Spider facts!
Category: Behavior
Subcategory: Locomotion
It is hard to describe the breathtaking speed of a jumping spider in motion, and almost as difficult to capture it on camera. Many species can jump thirty or even fifty times their body length in a fraction of a second. Extrapolating to human scales carries obvious flaws in reasoning, but would make their speed comparable to a human accelerating to jet engine speeds in under a second.
Jon prepared for the leap, his heart pounding.
His brain was running so fast it felt like it was trying to escape his skull. Skull? No skull. Trying to escape his carapace. How far could he jump? Was he going to jump too far? That lake hadn’t looked big, and there were so many rocks in it.
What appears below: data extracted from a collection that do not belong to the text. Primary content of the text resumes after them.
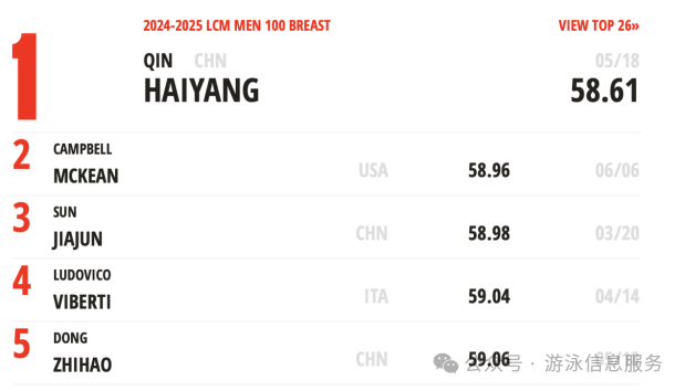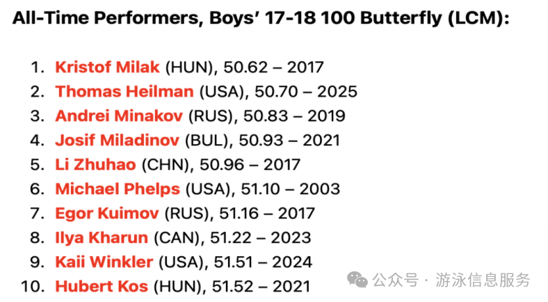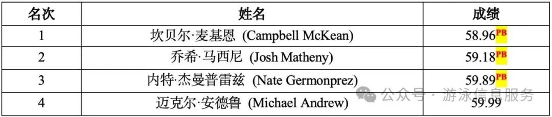 (Quoted from Swim Swam, as of June 8)(Quoted from Swim Swam, as of June 8)Top five swimmers' split times in the men's 100m butterflyMen's 50-meter breaststroke
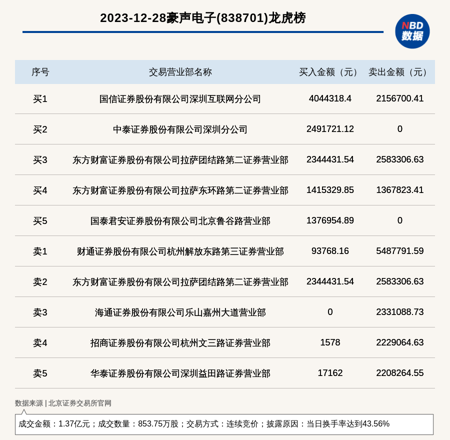 2023年12月28日,北交所上市公司豪声电子(838701,收盘价:15.77元)登上龙虎榜,交易方式是连续竞价,披露原因是当日换手率达到43.56%,成交数量853.75万股,成交金额1.37亿元。买一席位为国信证券股份有限公司深圳互联网分公司,买入404.43万元;卖一席位为财通证券股份有限公司杭州解放东路第三证券营业部,卖出548.78万元。
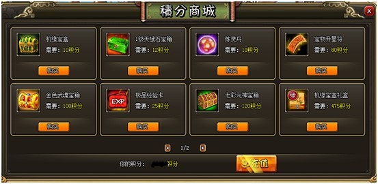 活动内容:活动时间内,玩家使用金币进行宝物升星和兽灵修炼可获得消耗金币35%的积分返还(返还的积分向下取整),使用积分在游戏界面消费积分商城兑换极品道具!
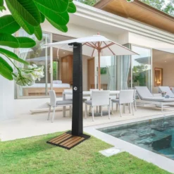 VidaXL Gartendusche Poly Rattan WPC, 44750, 214cm Höhe, Mit Bodenplatte
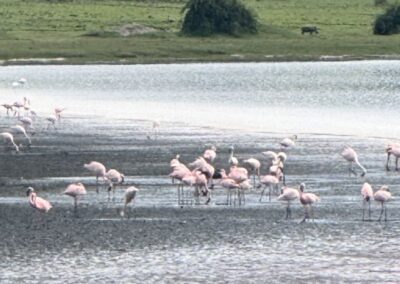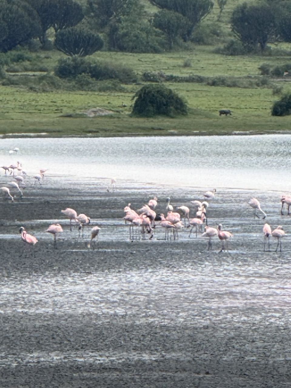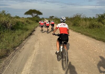 Het wordt een deels aangepaste, maar toch nog pittige route van 35 km over voornamelijk gravelroad. We fietsen langs een zoutmeer met talloze flamingo’s. Onderweg is het oppassen voor de steentjes en de olifanten, aldus de gids. En dat klopt als een bus: de steentjes kosten ons de eerste pleisters en de olifant die de weg oversteeakt hebben we met de bus als schild gepasseerd.
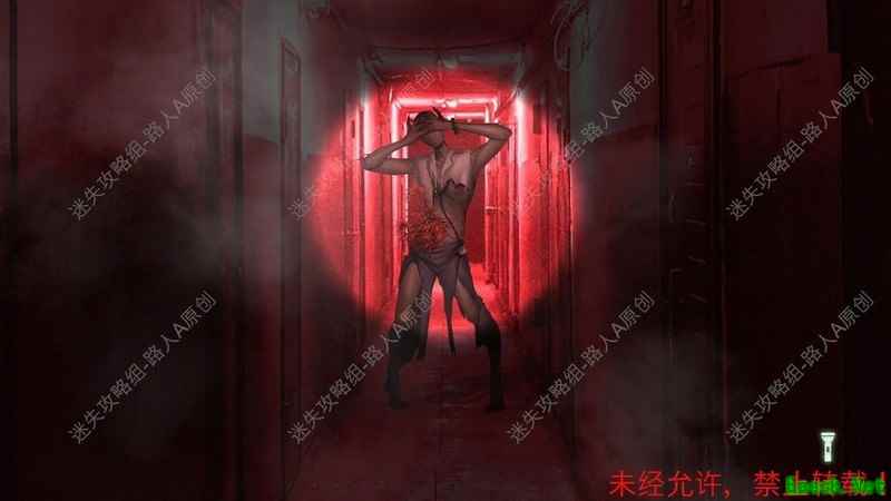 一直向前走,途中遇到怪物时用手电筒照射即可通过,无需等待怪物消失,照到后可立即继续前行。
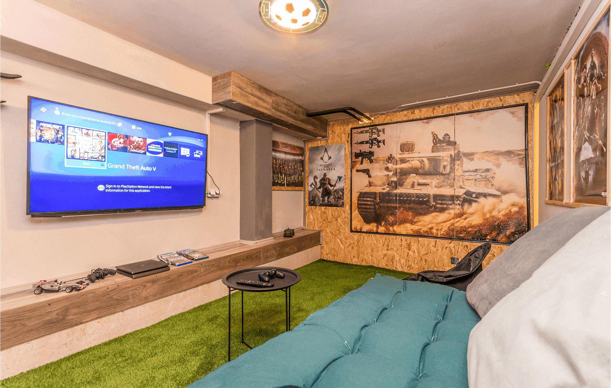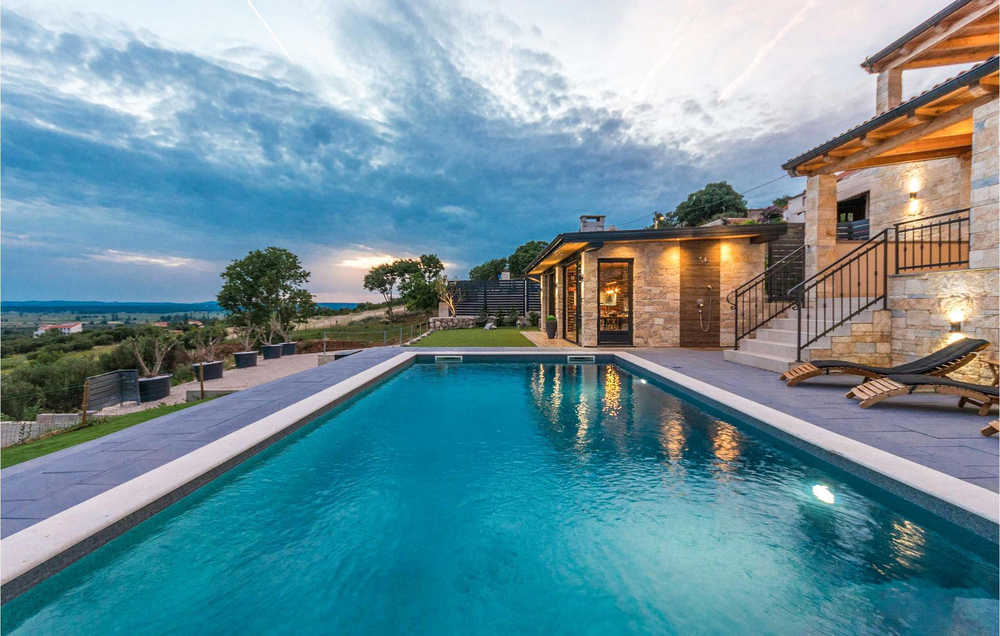 Willkommen in der wunderschönen Villa La Vrana. Diese außergewöhnliche Lage verbindet Natur und Luxus. Das Erdgeschoss bietet Ihnen ein elegantes Wohnzimmer mit Panoramablick, eine voll ausgestattete Küche und ein Esszimmer, das ideal für Ihre gemeinsame Mahlzeiten ist. Entdecken Sie die geschmackvoll und individuell eingerichteten Räume auf mehreren Etagen. Der Entertainmentraum bietet Ihren Kindern zudem Unterhaltung mit Videospielen.
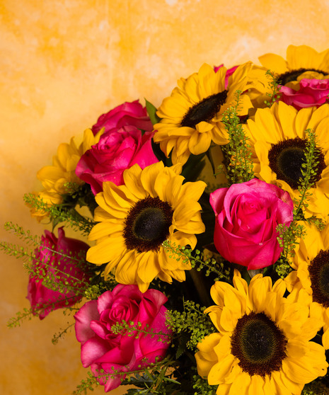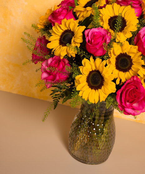 Magenta Sunset bursts with vibrant color and cheerful beauty, perfect for celebrating Mom. Bright sunflowers paired with bold magenta roses create a warm, joyful design full of energy and charm. Lush greenery adds texture and balance to this eye-catching arrangement. A radiant bouquet designed to brighten Mom’s day and make her feel truly celebrated.
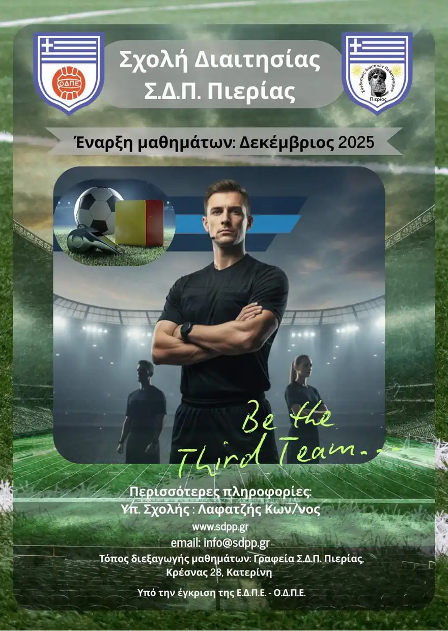 Ο Σύνδεσμος Διαιτητών Ποδοσφαίρου Πιερίας ανακοινώνει τη λειτουργία της νέας Σχολής Διαιτησίας 2025, η οποία θα ανοίξει τις πόρτες της στις 15 Δεκεμβρίου. Η δράση αυτή δίνει την ευκαιρία σε νέους και νέες που αγαπούν το ποδόσφαιρο να κάνουν το πρώτο τους βήμα στον χώρο της διαιτησίας, με συμμετοχή εντελώς δωρεάν.
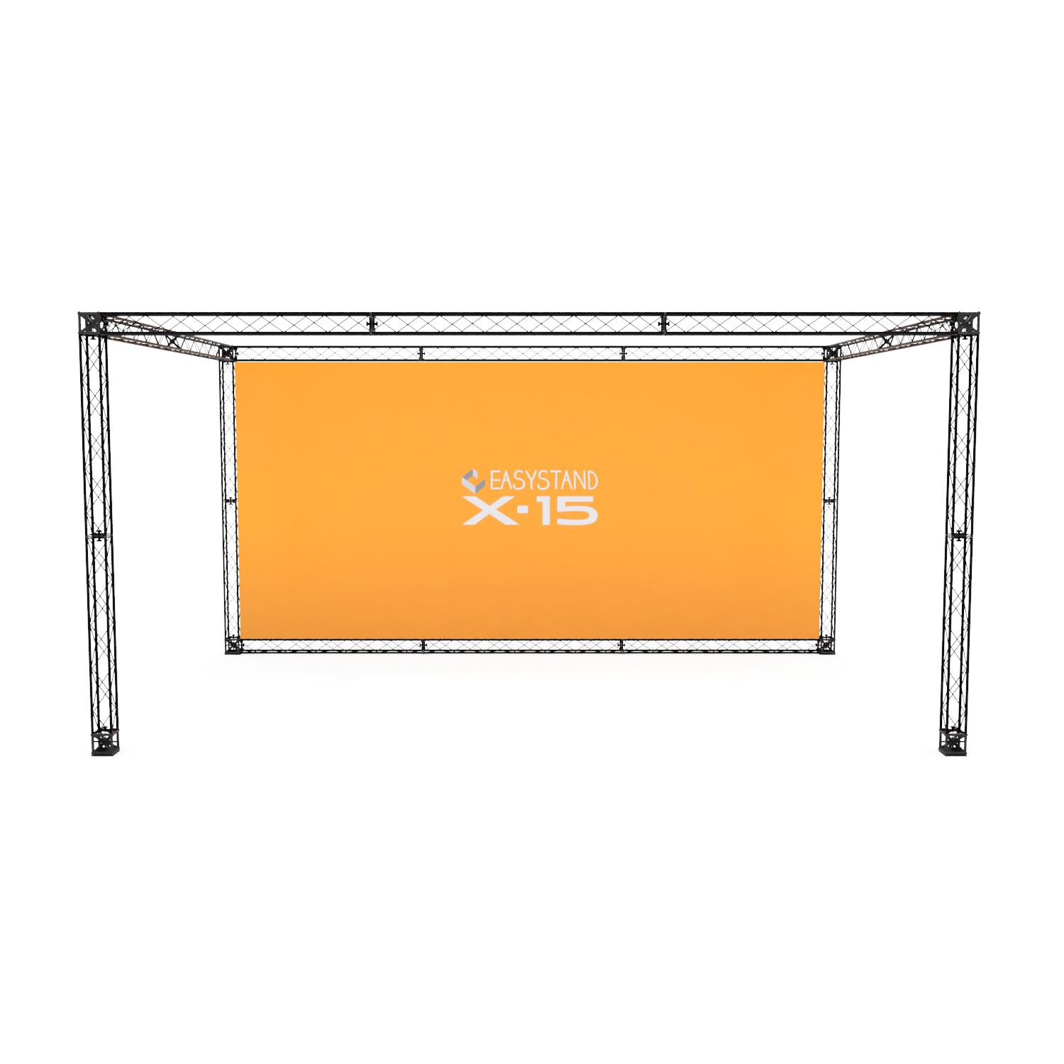 Stand “semiragno” di cm 600x300x300h (misura esterna). Aperto su 3 lati, chiuso solo sul lato di fondo. Ingresso utile cm 570.
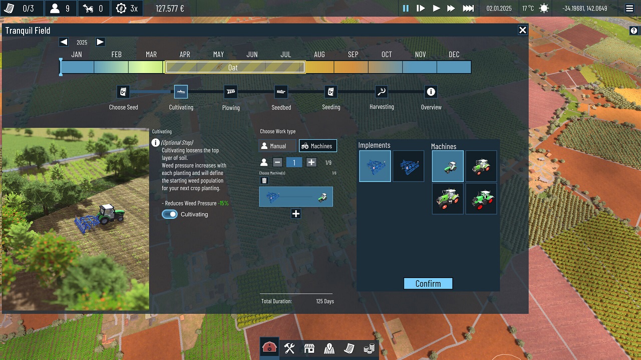 Разместите свою ферму в любой точке мира. Основываясь на данных OSM и принимая во внимание фактические значения почвы и температуры. Используйте редактор карт, чтобы изменить восемь существующих данных. Постройте и расширяйте свою собственную ферму. Приобретайте сельскохозяйственную технику, такую как тракторы, комбайны и другое оборудование. Выращивайте множество различных культур. Учитывайте сезонные колебания и их различное влияние на рост растений. Заключайте и выполняйте контракты с местными компаниями. Заботьтесь о животных и позволяйте им производить продукты для вас.
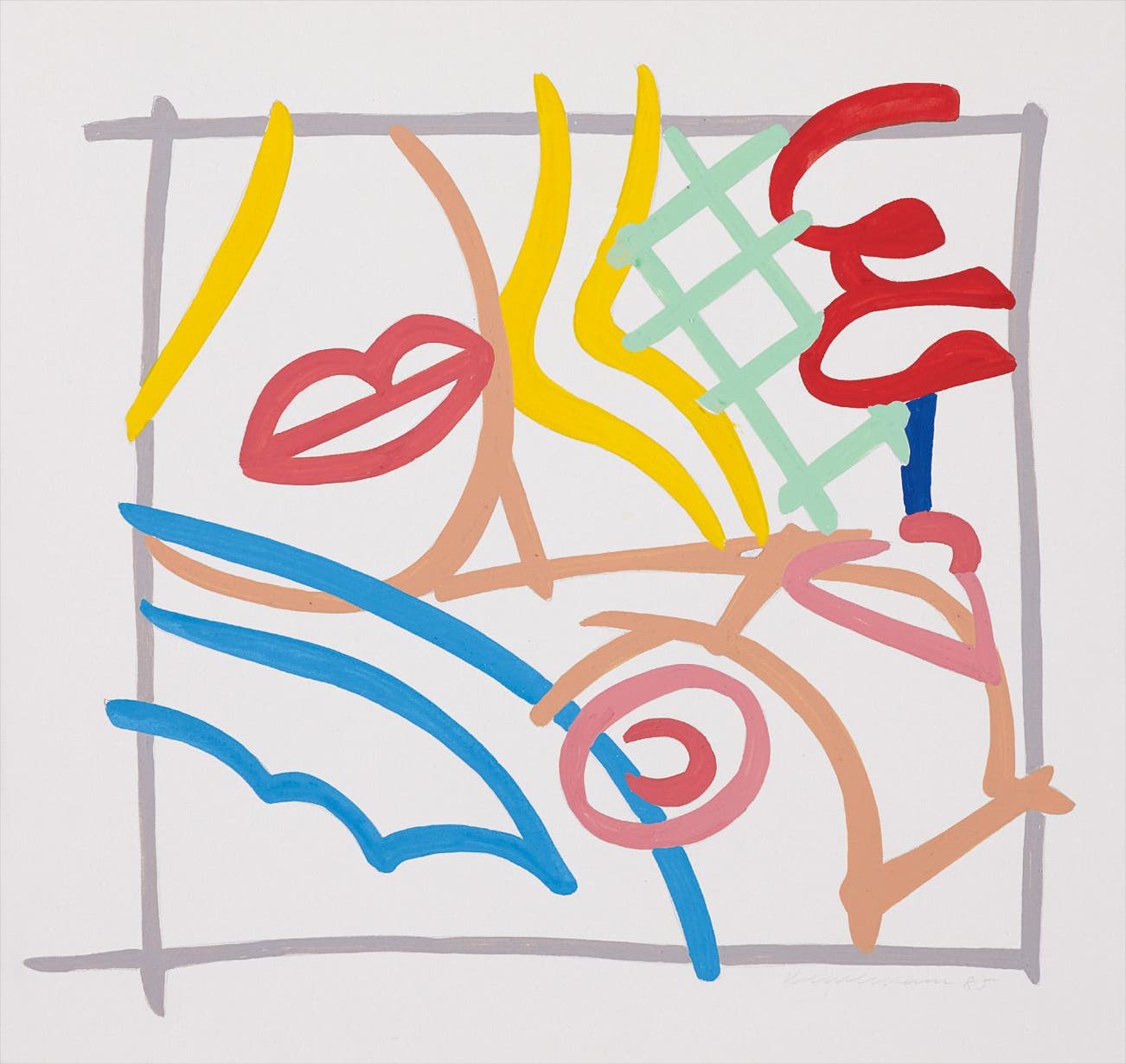 Wesselmann considered pop culture objects as exclusively visual elements and incorporated them in his works as pure containers of bold color. This color palette became the foundation for his now-iconic suggestive figurative canvases, often depicting reclining nudes or women's lips balancing a cigarette.
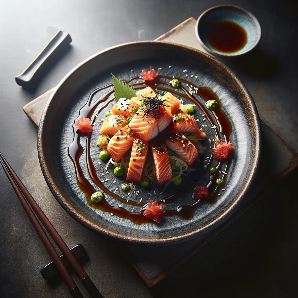 Yuzu Shiso Salmon Tataki is a vibrant and refreshing Japanese dish that combines the citrusy notes of yuzu with the aromatic scent of shiso leaves. This dish features lightly seared salmon, which is marinated in a blend of yuzu juice, soy sauce, and a hint of ginger. The salmon is then garnished with fresh shiso leaves, adding a unique herbal flavor. Often enjoyed as an appetizer or a light main course, this dish is loved for its delicate balance of flavors and elegant presentation. The combination of the rich, buttery salmon with the zesty yuzu and fragrant shiso makes it a favorite among seafood lovers seeking an authentic taste of Japan.
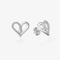 Graceful Heart-Shaped Earrings: Interlocking loops of glittering pave CZ stones give shape to these charming heart-shaped studs. The two parts design displayed in sterling silver with a gleaming touch of white gold bestows a chic look.
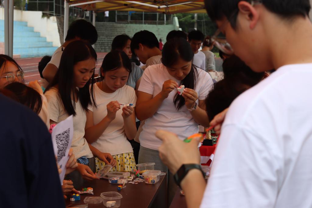 活动现场,各个社团根据安排布置好了社团展示点,同时也根据自身社团特色,在展示点摆设抢椅子、投壶、套圈、香包手链、石膏娃娃的制作等11个趣味摊点,让同学以“参与者”“创作者”“传播者”的沉浸在此次盛会之中,感受社团与传统文化碰撞的魅力。
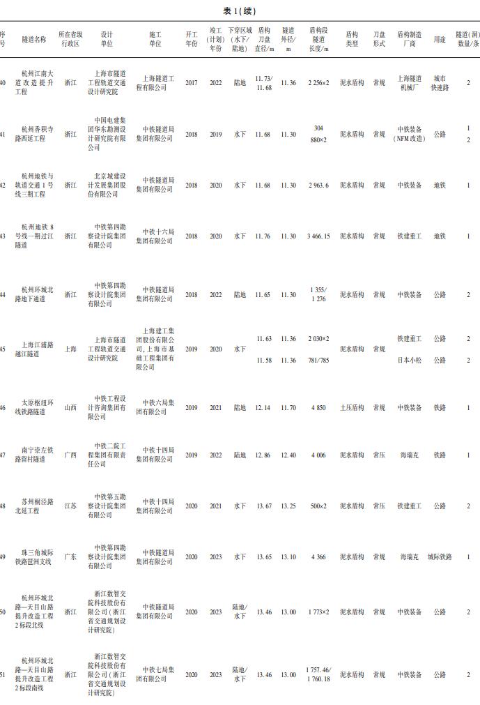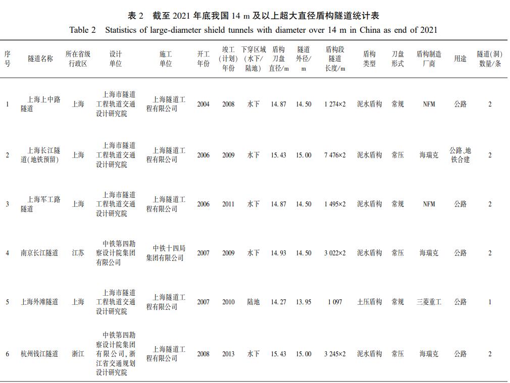 我国大直径盾构隧道数据统计及综合技术现状与展望该项隧道技术成果:
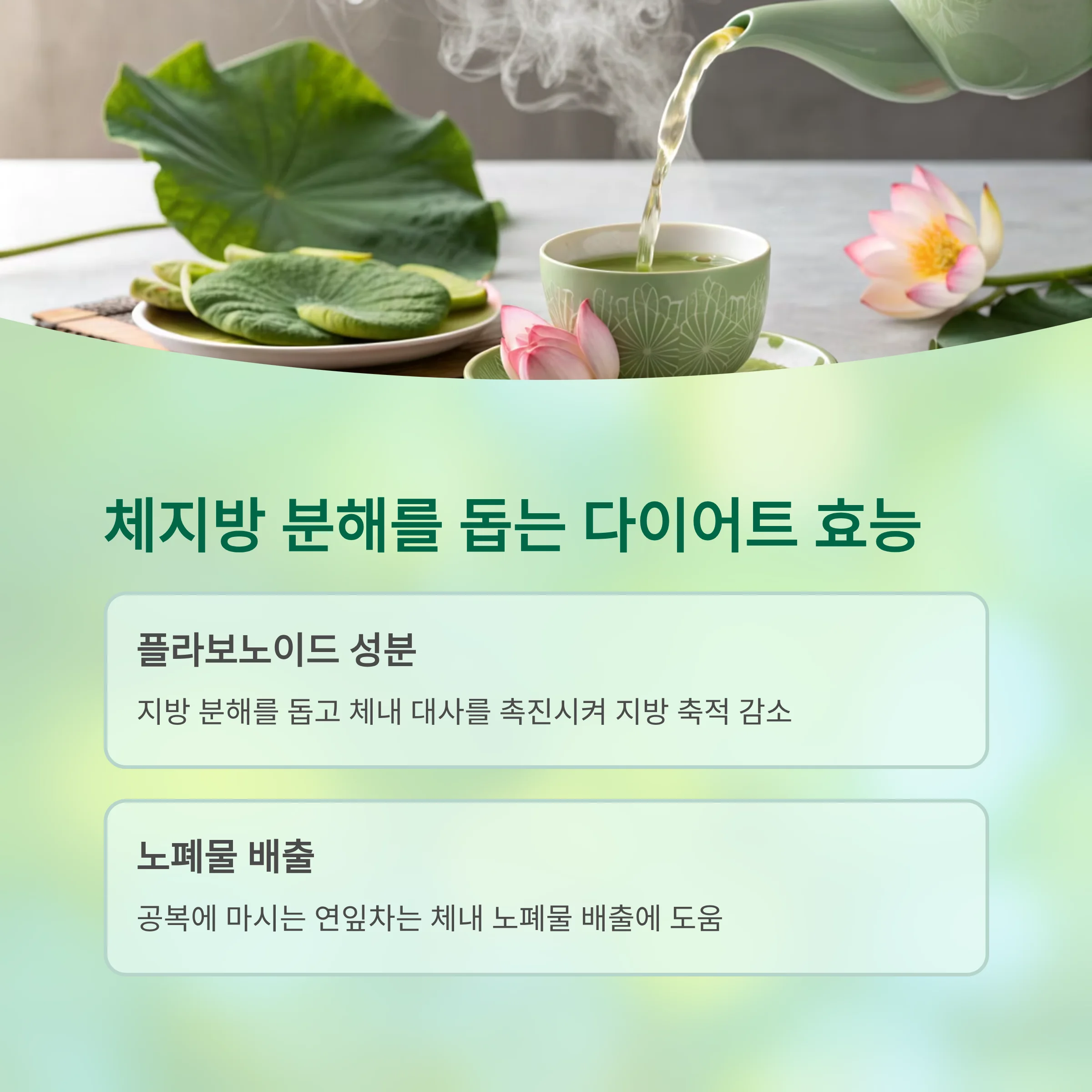 연잎에는 지방 분해를 돕는 플라보노이드 성분이 풍부하게 들어 있습니다.
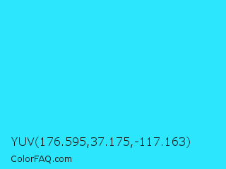 YUV 176.595,37.175,-117.163 Color is a normal cyan color and the nearest color is Loeen #15f2fd. Hex code #2be6fc and RGB value is rgb(43,230,252). In RGB color space, this color is composed of 17% red, 90% green, 99% blue, In CMYK color space, this color is composed of 83% cyan, 9% magenta, 0% yellow , 1% black , In HSL color space, this color has a hue angle of 186° , 97% saturation and 58% lightness.

He couldn’t remember how far most spiders could jump. He heard Zach’s voice in his head stating something about fifty times their body length, but cut it off.
Jon remembered a video Zach had shown him back in college of a bold jumping spider attacking a fly. The thing looked like it had teleported to its prey.
Was Jon that fast? None of the rabbits had been able to react to his jumps. They were bunnies, probably focused on speed and agility. Even that alpha hadn’t hit him before he got a bite. That kick only happened because he had been so surprised when his claws failed. He hesitated. Just like he was doing now.
So many people died falling. He’d seen a lot of people die from falling. Roofs. Ladders. Trees. Even Fences. You didn’t have to fall far to die. People outside medicine just didn’t know, didn’t know how fucking dangerous it was to fall.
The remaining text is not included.